Por Antonio V. Pecci | Periodista | Antoniopecci50gmail.com

Asunción es sede de una de las muestras artísticas y antropológicas más importantes de los últimos tiempos. La primera pregunta que uno se hace es: ¿Qué sabemos de Guido Boggiani? Muy poco. El conjunto de la trayectoria y la obra de esta figura excepcional que llegó al país a fines del siglo XIX es impactante y vendría a ser una parte fundamental de la cultura paraguaya moderna. En la Asunción de esos años así lo entendieron los “novecentistas”, quienes le brindaron un espacio para que pudiera trabajar, dar conferencias, editar libros en coautoría y difundir sus trabajos. Pero ya en el siglo XX ese legado quedó en el olvido, poco valorado, y Boggiani fue visto más bien como un aventurero, como una figura exótica, que dejó de lado el carácter iluminador de su obra sobre un tiempo, una geografía y las culturas indígenas del Alto Paraguay.

En Karchabalut

Sin embargo, como nos dice Gherardo La Francesca, “el Cacique de Karchabalut (Puerto 14 de Mayo), me indicó dónde Boggiani estuvo sentado, bajo un árbol, para tomar el fresco. Y me hizo hablar con otros indios chamacocos que todavía recuerdan a Boggiani. Él es todavía muy conocido por ellos, este es un fenómeno interesantísimo; aún después de 120 años”.

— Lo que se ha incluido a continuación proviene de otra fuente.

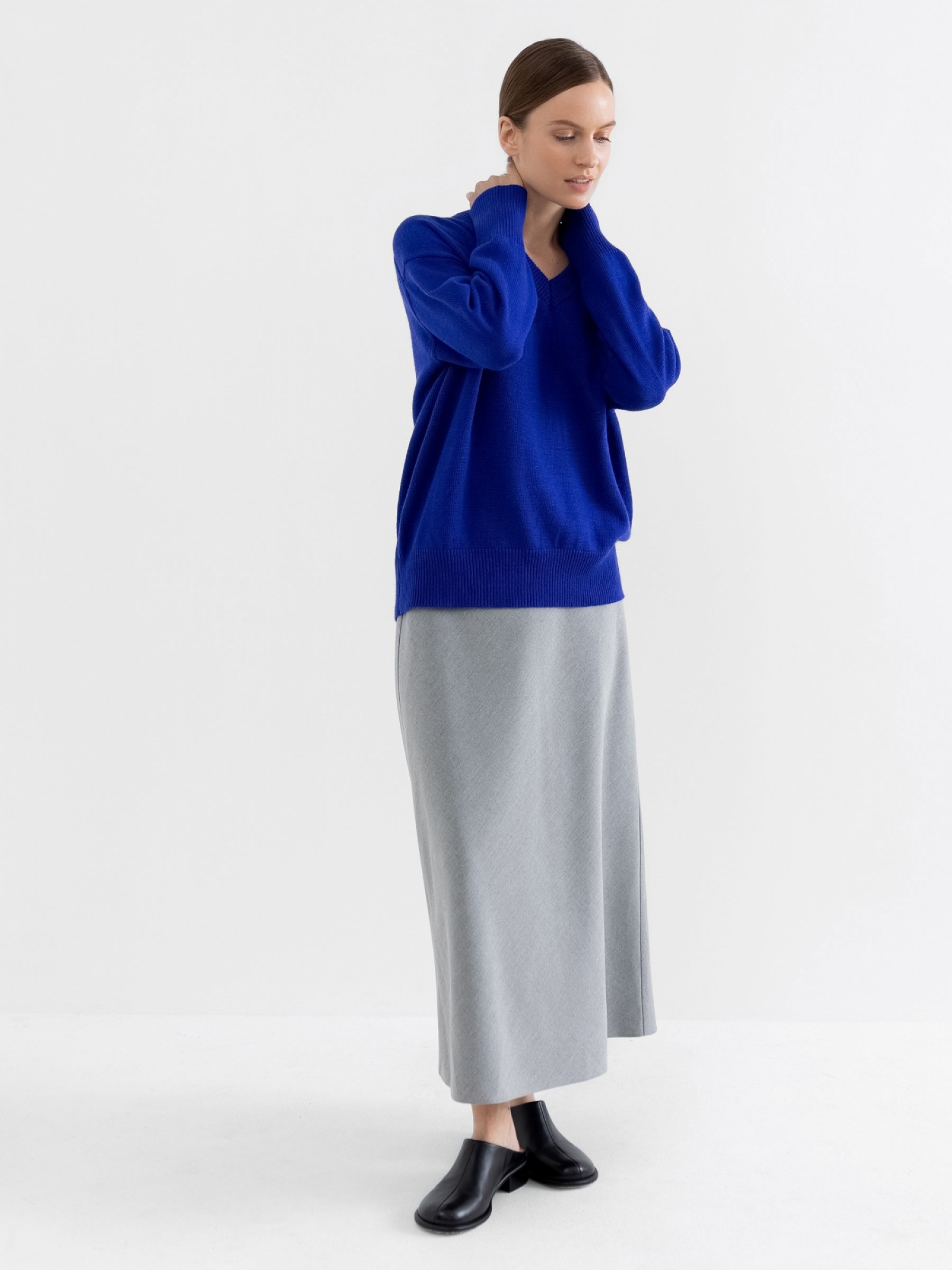 Чтобы выглядеть безупречно и ощущать максимальный комфорт, достаточно этого базового пуловера. У него лаконичный расслабленный дизайн и ровные универсальные цвета, поэтому вы легко подберете нужный низ. Из деталей отметим аккуратный V-образный вырез, оформление манжет и низа фактурной резинкой и теплое обволакивающее полотно с добавлением ангоры. Носите соло, поверх водолазки или футболки.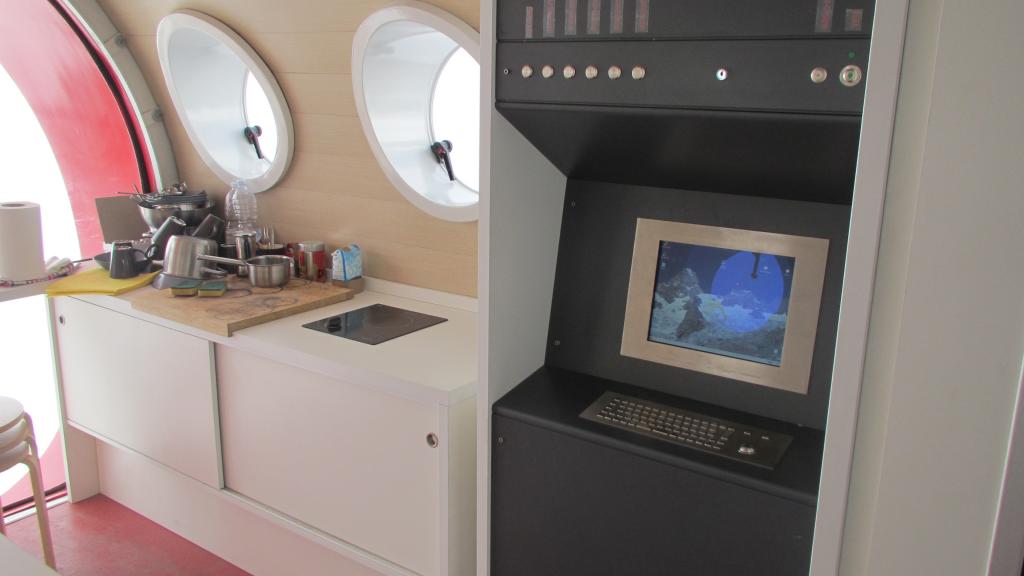 | schen | Il bivacco a dx e la parete SE delle Petites Jorasses a sx | schen | La nuova scaletta | schen | Dal Biv. la parete Est delle Grandes Jorasses | schen | Cucina hi tech e computer! | schen | zona notte | schen | sala da pranzo con vetrata panoramica

Y agrega más: “Efectivamente él vivió con los chamacocos y con los caduveos. Tenemos también el testimonio de un importante etnólogo brasileño, Darcy Ribeiro. Él fue a visitar a los caduveos y tenía en las manos el libro I Caduvei. Lo estaba hojeando, lo estaba leyendo, y de repente escribe: ‘He tenido la impresión de que había una excitación alrededor de mí. Y los indígenas se acercaban. De repente una mujer gritó: ¡Ese, ese libro de Betrra! (que es como conocían a Boggiani)’. Entonces, pensaron que Darcy Ribeiro era el sobrino o el nieto de Boggiani, y él no lo negó porque entendió que era algo que facilitaba el contacto”.

Don Gherardo, un hombre apasionado por la figura del gran artista e investigador compatriota suyo, hizo el recorrido desde el año pasado de los lugares donde estuvo y vivió el autor de I Caduvei, zonas aún hoy de difícil acceso, de condiciones de vida muy precaria. “Imaginemos a fines del 1800, cuando no había ningún interés por las culturas indígenas, cuando estábamos en pleno frenesí de la colonización, cuando todos estaban convencidos de la superioridad de la raza europea; él vivió con esa gente, tomó fotografías, hizo dibujos, con la sensibilidad de una atención artística que es impresionante. Construyó un puente entre culturas completamente diferentes. Imagine que cuando él se encontró con los chamacocos (y que fundó ese Puerto 14 de Mayo), los chamacocos habían conocido al hombre blanco solo cinco años antes; ellos eran todavía desconocidos. Eso es interesante, por eso en el título de la exposición se habla del viaje. Porque su viaje fue físico (de Italia a Buenos Aires, luego a Asunción, luego al Chaco) pero fue también un viaje cultural para construir ligazones que todavía existen, porque Boggiani hoy es una realidad todavía presente. Nosotros encontramos cuadros de él en las casas de los paraguayos, encontramos cosas interesantes en los archivos personales de algunos. Boggiani es una avenida importante de Asunción, el nombre Boggiani lo usa un supermercado, una ferretería. Pero lo que de verdad me interesa es la sensibilidad cultural, esa disposición a crear ligazones. La vida de Boggiani es un viaje entre culturas; la cultura clásica, la cultura de los países de América Latina, la de Paraguay, la de los chamacocos”, señala.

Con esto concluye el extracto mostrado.